(SUPPLIED DATA):
════════════════

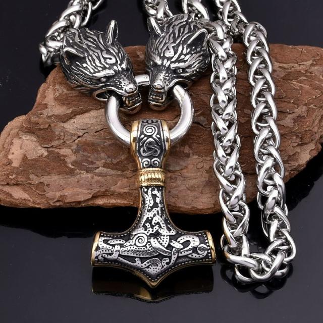ウルフヘッド ハンマーモチーフ コンビカラー ネックレス 095 カジュアル ホスト ヤクザ ヤンキー オラオラ系 悪羅悪羅 チンピラ 派手 メンズ アクセサリー ファッション
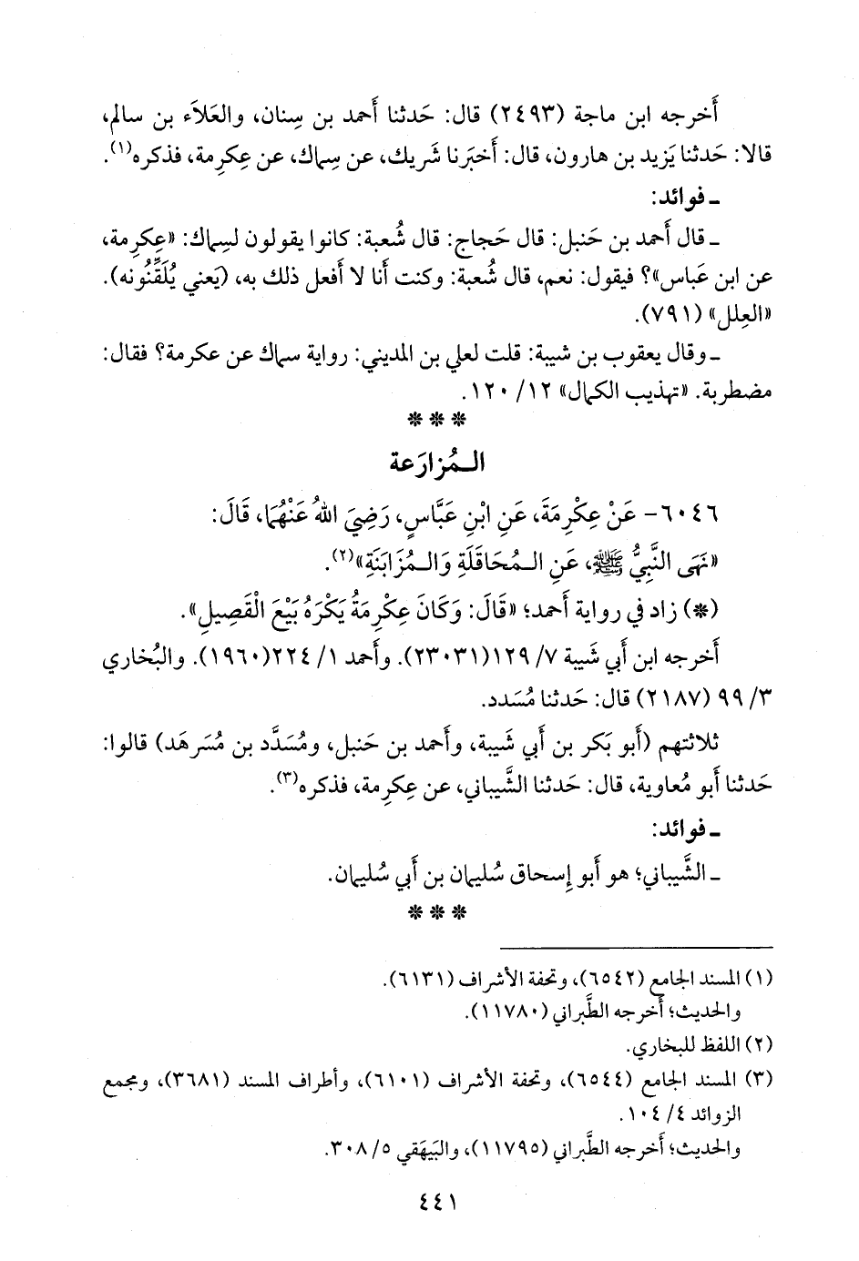 ثلاثتهم (أَبو بكر بن أبي شيبة، وأحمد بن حنبل، ومُسَدَّد بن مسرهد) عن أبي معاوية محمد بن خازم، قال: حدثنا الشيباني، عن عكرمة، فذكره (¬٢).
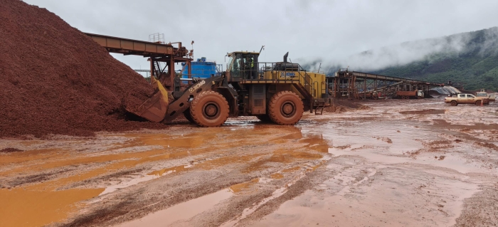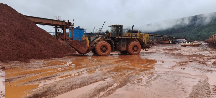 非洲某矿区,beats365官方唯一网站LW1200KN轮式装载机正对开采出的矿粉进行堆垛作业,恰逢雨季,物料饱含水分,LW1200KN的超强重载性能得到充分展现。
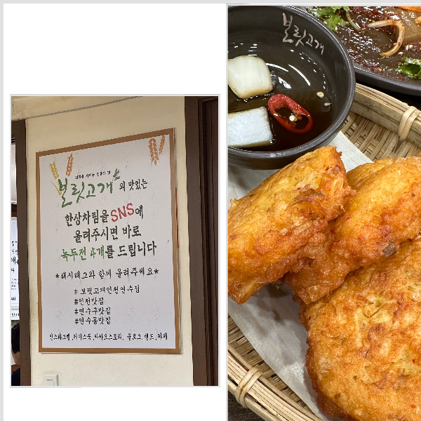 SNS에 올리면 녹두전 4개를 바로 주십니다.홀에서 드셔도 되고 배부르시면 싸달라고 요청하시면 포장해 주십니다. 남자사장님도 목소리에서 친절함이 느껴지고요. 일하시는 이모님들 모두 너무 친절하시고, 음식맛도 정말 맛있었습니다. 이제 저는 이곳 당골이 되려고요.
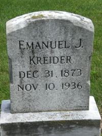 - Emanuel J Kreider3 b. 31 Dec 1873, d. 10 Nov 1936
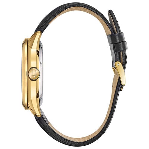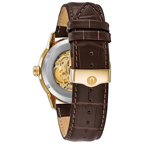This Mens Bulova gold-tone skeleton dial leather strap watch showcases a full exhibition dial and case-back. It features a gold-tone stainless steel screw back case, a skeletonized silver white three hand dial that reveals intricate workings of the self-winding 21 jewel movement, domed mineral crystal, and a brown leather strap with push-button deployant buckle. This piece is water resistant to 30 meters. Case Dimensions: 43mm.Style 97A138.Limited Manufacturer´s Warranty.
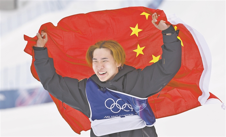 2月18日,中国选手苏翊鸣在比赛后庆祝夺冠。当地时间2月18日,在意大利利维尼奥举行的米兰-科尔蒂纳冬奥会单板滑雪男子坡面障碍技巧决赛中,中国选手苏翊鸣夺得冠军。 新华社记者 王 鹏摄
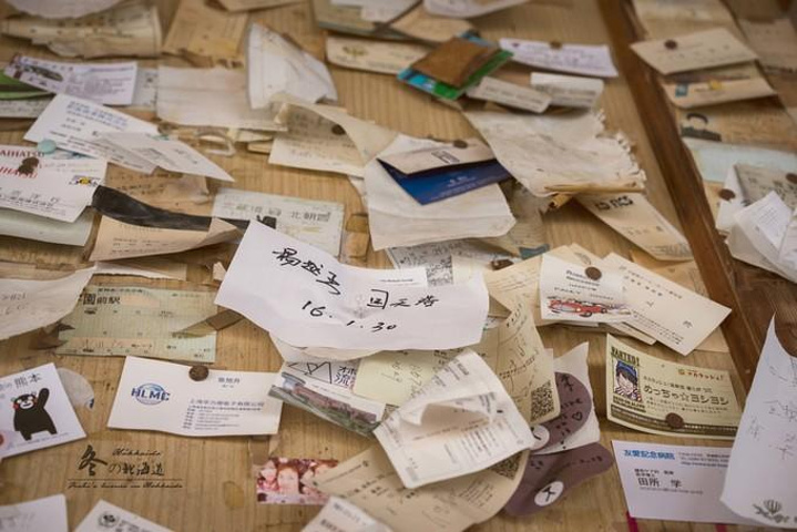 路经北滨站,恩,充满了文艺气息。在这个小站台里,写满了日本国内和世界各国来的游客的小便签条。

════════════════

(REQUIREMENT):
Please write out the material from the line containing "ثلاثتهم (أَبو بكر" to its final line, both inclusive, exactly as it appears; pictures are not part of the copy.

(ANSWER SECTION):
 ثلاثتهم (أَبو بكر بن أبي شيبة، وأحمد بن حنبل، ومُسَدَّد بن مسرهد) عن أبي معاوية محمد بن خازم، قال: حدثنا الشيباني، عن عكرمة، فذكره (¬٢).
 非洲某矿区,beats365官方唯一网站LW1200KN轮式装载机正对开采出的矿粉进行堆垛作业,恰逢雨季,物料饱含水分,LW1200KN的超强重载性能得到充分展现。
 SNS에 올리면 녹두전 4개를 바로 주십니다.홀에서 드셔도 되고 배부르시면 싸달라고 요청하시면 포장해 주십니다. 남자사장님도 목소리에서 친절함이 느껴지고요. 일하시는 이모님들 모두 너무 친절하시고, 음식맛도 정말 맛있었습니다. 이제 저는 이곳 당골이 되려고요.
 - Emanuel J Kreider3 b. 31 Dec 1873, d. 10 Nov 1936
This Mens Bulova gold-tone skeleton dial leather strap watch showcases a full exhibition dial and case-back. It features a gold-tone stainless steel screw back case, a skeletonized silver white three hand dial that reveals intricate workings of the self-winding 21 jewel movement, domed mineral crystal, and a brown leather strap with push-button deployant buckle. This piece is water resistant to 30 meters. Case Dimensions: 43mm.Style 97A138.Limited Manufacturer´s Warranty.
 2月18日,中国选手苏翊鸣在比赛后庆祝夺冠。当地时间2月18日,在意大利利维尼奥举行的米兰-科尔蒂纳冬奥会单板滑雪男子坡面障碍技巧决赛中,中国选手苏翊鸣夺得冠军。 新华社记者 王 鹏摄
 路经北滨站,恩,充满了文艺气息。在这个小站台里,写满了日本国内和世界各国来的游客的小便签条。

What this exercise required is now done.